I have fenbendazole- but it isn't as effective as flubendazole which she had in early december for 5 days.


----------



## Feline (Nov 8, 2015)

dawg53 said:


> Ivermectin is ineffective against poultry lice. Poultry lice dont bite and suck blood, but will opportunistically suck it up if there is a wound or injury and blood is present.
> Here's a link regarding vent gleet and treatments:
> http://ultimatefowl.com/wiki/index.php?title=Vent_Gleet


I've experimented with a few products in my armoury for lice- Advantage and Frontline, but found they didn't work. Ivermectin seems to work in one hit though! I usually do a second treatment 2 weeks later to be sure. My chickens at home have not had lice or mites before- whereas the chickens I'm responsible for where I work have. It could well be that they are getting a different kind of louse in the UK- I will try to get one on sellotape for ID under the microscope!


----------



## dawg53 (Aug 25, 2015)

Feline said:


> I've experimented with a few products in my armoury for lice- Advantage and Frontline, but found they didn't work. Ivermectin seems to work in one hit though! I usually do a second treatment 2 weeks later to be sure. My chickens at home have not had lice or mites before- whereas the chickens I'm responsible for where I work have. It could well be that they are getting a different kind of louse in the UK- I will try to get one on sellotape for ID under the microscope!


Excellent. Here's a link with detailed microscopic pics of poultry lice/mites and other poultry external parasites. You could use the pics to identify what you're dealing with. Let us know:
http://edis.ifas.ufl.edu/ig140


----------



## Feline (Nov 8, 2015)

I was very pleased this morning to find Big Bird has groomed her rear back into a perfect white puff ball again- and it is clean!
Obviously this might not continue- but for now she's looking very good.
I am wondering if yesterdays Ivermectin dose had anything to do with her sudden turnaround.
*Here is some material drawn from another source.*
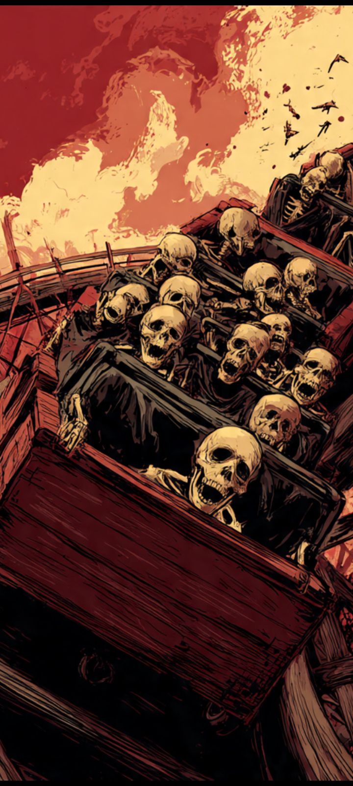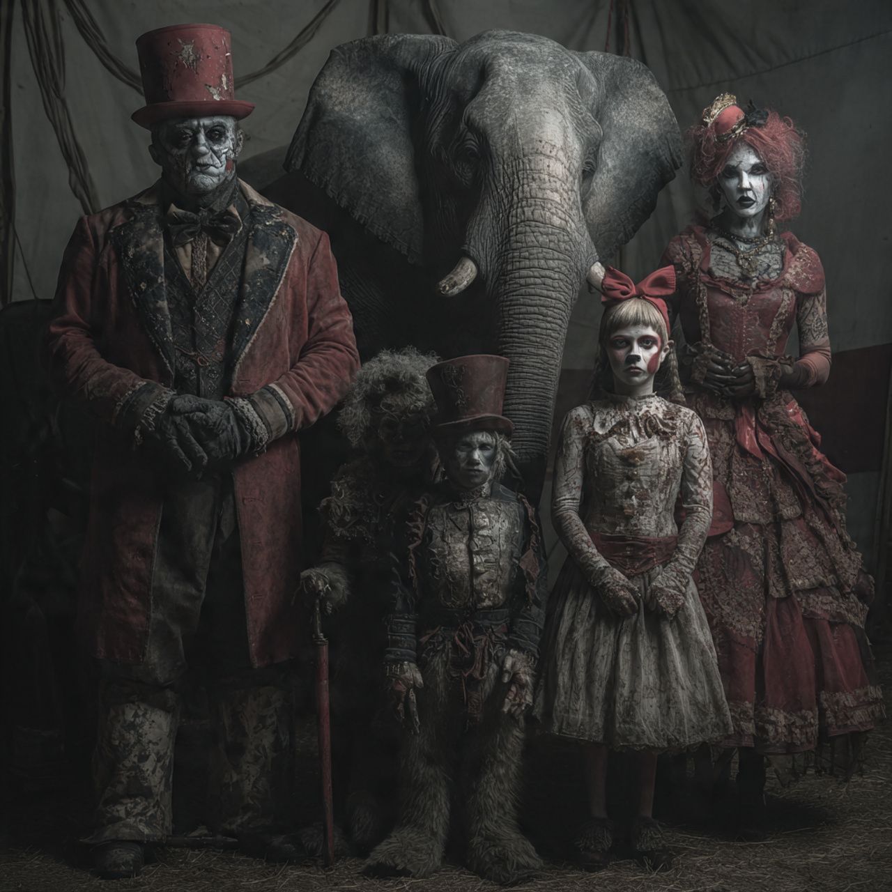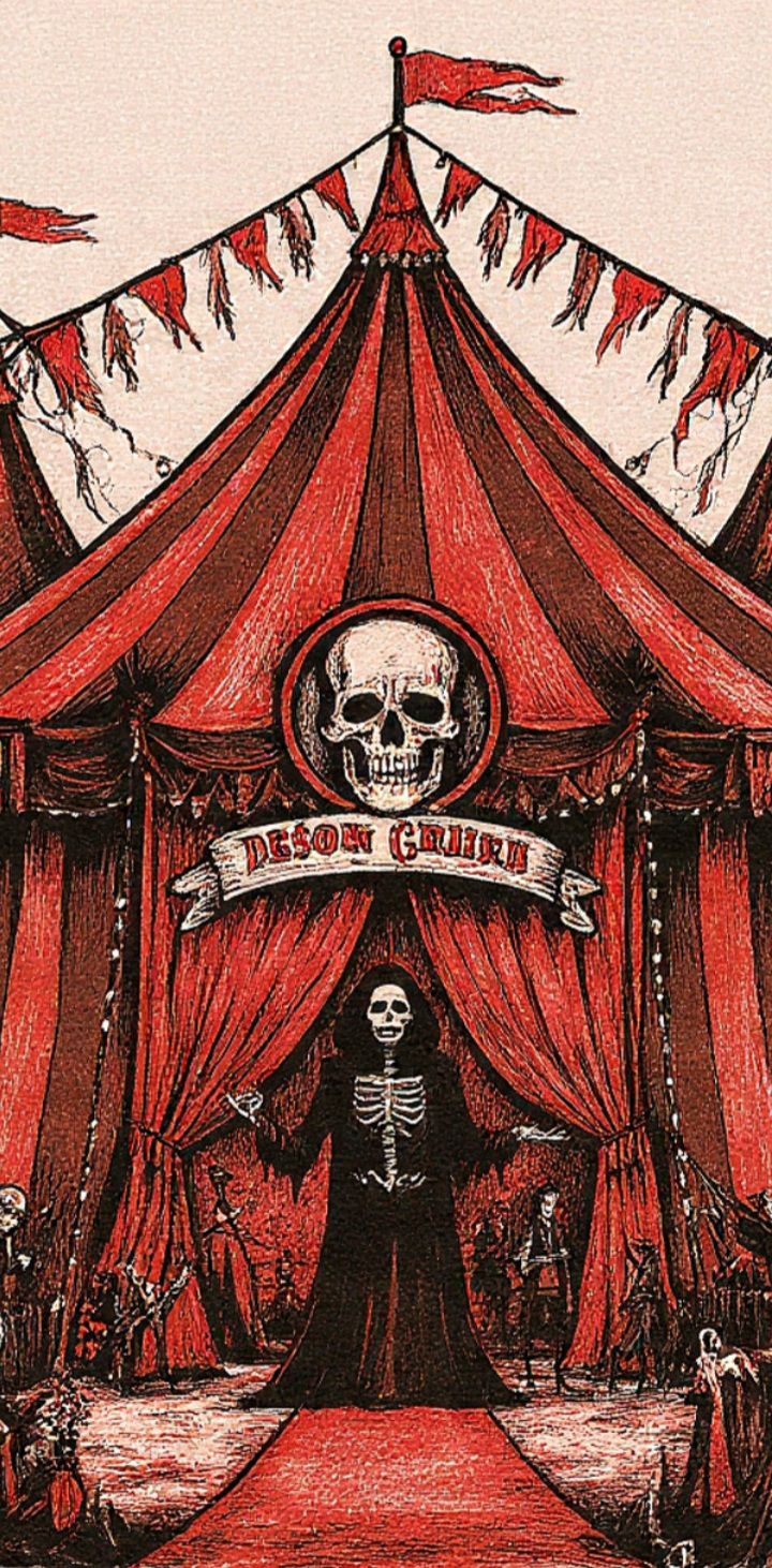 90's Brutal Death Metal, 2000's Slamming Death Metal, Death Metal, Symphonic Black Metal, Lead and Rythym Guitars, Guitars Down tuned, Tremolo picking, Palm Mutes, Pinch Harmonics, Reverb, Deep Death Growling Vocals, Reverb, Relentless Double Bass, Relentless Blast beats, Brutal Death Metal, Keyboards, Synths, Big Top Ambiance, Psychotic Circus Ambiance, Death, Terror, Dread, Horror, Childs Music Box, Chainsaws, Screams, Laughter, Horror Sound Effects

She didn't lay an egg today, but there's no sign of blood around her vent.

I was going to capture a louse for diagnosis today- but couldn't find any on the couple of birds I looked on! Either the Ivermectin worked dramatically fast or I haven't picked the right bird. I will have another look tomorrow when I get home from work. I should have taken a sample before I treated them really. But if the lice are gone I will be pleased anyway!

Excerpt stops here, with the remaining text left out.